İşgalci barbarların, uluslararası uyarılara rağmen saldırılarını sürdürdüğü Gazze Şeridi'nin güneyindeki Refah kentine sığınan Filistinliler, kara saldırısı endişelerine rağmen bölgeyi terk etmeyeceklerini söyledi.

Ekleme: 14.02.2024 04:00:00 / Güncelleme: 14.02.2024 04:01:01 / manşetler
Destek için 

Gazze Şeridi'nin güneyinde Mısır sınırında yer alan Refah, işgal rejimi saldırıları nedeniyle yerlerinden edilen binlerce kişinin kente sığınmasıyla birlikte 2,3 milyon nüfusa sahip Gazze'nin yaklaşık yarı nüfusuna ev sahipliği yapıyor. İşgal rejiminin sözde Savunma Bakanı Yoav Gallant, 1 Şubat'ta Gazze Şeridi'nin Han Yunus bölgesindeki İsrail birliklerini ziyaretinde yaptığı açıklamada, kara saldırılarını Mısır sınırındaki Refah kentine taşıyacaklarını söylemişti.

"SİNA'YA GÖÇ ETMEKTENSE GAZZE'DE ÖLMEYİ TERCİH EDERİZ"

Refah'a sığınan Filistinliler, işgal ordusunun kitlesel katliamlara ve sivillere karşı suç işlenmesine yol açabilecek bir kara saldırısı başlatmasından endişe duyuyor. AA muhabirine konuşan Filistinliler, Gazze Şeridi'nden çıkarılmalarına yönelik her türlü girişimi reddettiklerini vurgulayarak, "Sina'ya göç etmektense Gazze'de ölmeyi tercih ettiklerini" ifade etti.

Gazzeli 62 yaşındaki Raid eş-Şurafa, "Burada öleceğiz. Mısır Sina'sına göç etmeyeceğiz. Zorla ve bombalayarak bizleri evlerimizden çıkardırlar yoksa evimizden ayrılmayacaktık. Ebu Bekir es-Sıddık Okulunu bombaladılar ve oğlum orada şehit oldu." dedi. Bir diğer oğlunun da işgal askerleri tarafından alıkonulduğunu belirten Şurafa, istemese de torunlarını yalnız bırakmamak için Gazze'den Refah'a gelmek zorunda kaldığını söyledi.

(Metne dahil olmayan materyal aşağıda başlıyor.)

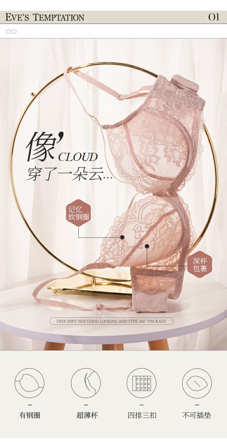 夏娃的诱惑极光组内衣女夏季薄款软钢圈超薄蕾丝文胸上托性感纯欲风bra

Refah'ın son durakları olduğunu vurgulayan Şurafa, sözlerine şöyle devam etti: "Beni öldürseler de Refah'tan çıkmam. İmkansız 7 kere de imkansız. Bu sadece benim değil tüm halkın yaklaşımı. Biz bunu nasıl yaparız? Sina’ya gidip topraklarımızı terk mi edelim? Gazze'de ölürüm ama buradan gitmeyi düşünmem bile."

"REFAH'TAN ÇIKMAYI ASLA DÜŞÜNMÜYORUM"

Yerinden edilmiş Gazzeli Ezhar Hamdi de Sina'ya gitme fikrini tamamen reddettiğini belirterek, "Gazze Şeridi'nin gururlu topraklarında ölürüm, Refah'tan çıkmayı asla düşünmüyorum." diye konuştu. Sina'ya yerleştirilmeyi asla kabul etmeyeceklerini vurgulayan Hamdi, şu ifadeleri kullandı: "Topraklarımızda yerinden edilmemiz yeterli olmadı mı? Sina'ya yerleştirilmeyi kabul etmiyoruz, etmeyeceğiz. Nerede olursak olalım, nereye gidersek gidelim bize karşı suç işliyorlar ve hiç kimse umursamıyor."

Filistinli 63 yaşındaki Hacı İbrahim Avvad, İsrail ordusunun Gazze'nin kuzeyindekileri güneye sürdükten sonra Refah'a askeri operasyon düzenleyeceği yönündeki tehditleri daha önce de duyduklarına işaret ederek, "israil ordusu Refah'a girerse masum sivillere karşı katliam ve soykırım yapacaktır." dedi. Gazzelilerin Sina'ya sürülmesi fikrini reddettiklerini vurgulayan Avvad, "Nereye gideceğiz? Ne kadar ömrüm kaldı ki? Burada, ülkemizde ölmek bizim için daha iyi." diye konuştu.

Gazze Şeridi'nin merkezinden Refah'a göç etmek zorunda kalan Filistinli kadın Vefa Ahmed, işgal ordusunun Refah'ın sokaklarını dolduran yerinden edilmiş kişilere karşı katliam ve soykırım yapacağından endişe duyduklarını belirtti. İşgalcilerin son günlerde saldırı ve bombalamalarını yoğunlaştırmasıyla Refah'ta durumun oldukça zorlaştığını ifade eden Ahmed, buna rağmen Sina'ya veya Filistin toprakları dışındaki herhangi bir yere yerinden edilme fikrini reddettiğini vurguladı.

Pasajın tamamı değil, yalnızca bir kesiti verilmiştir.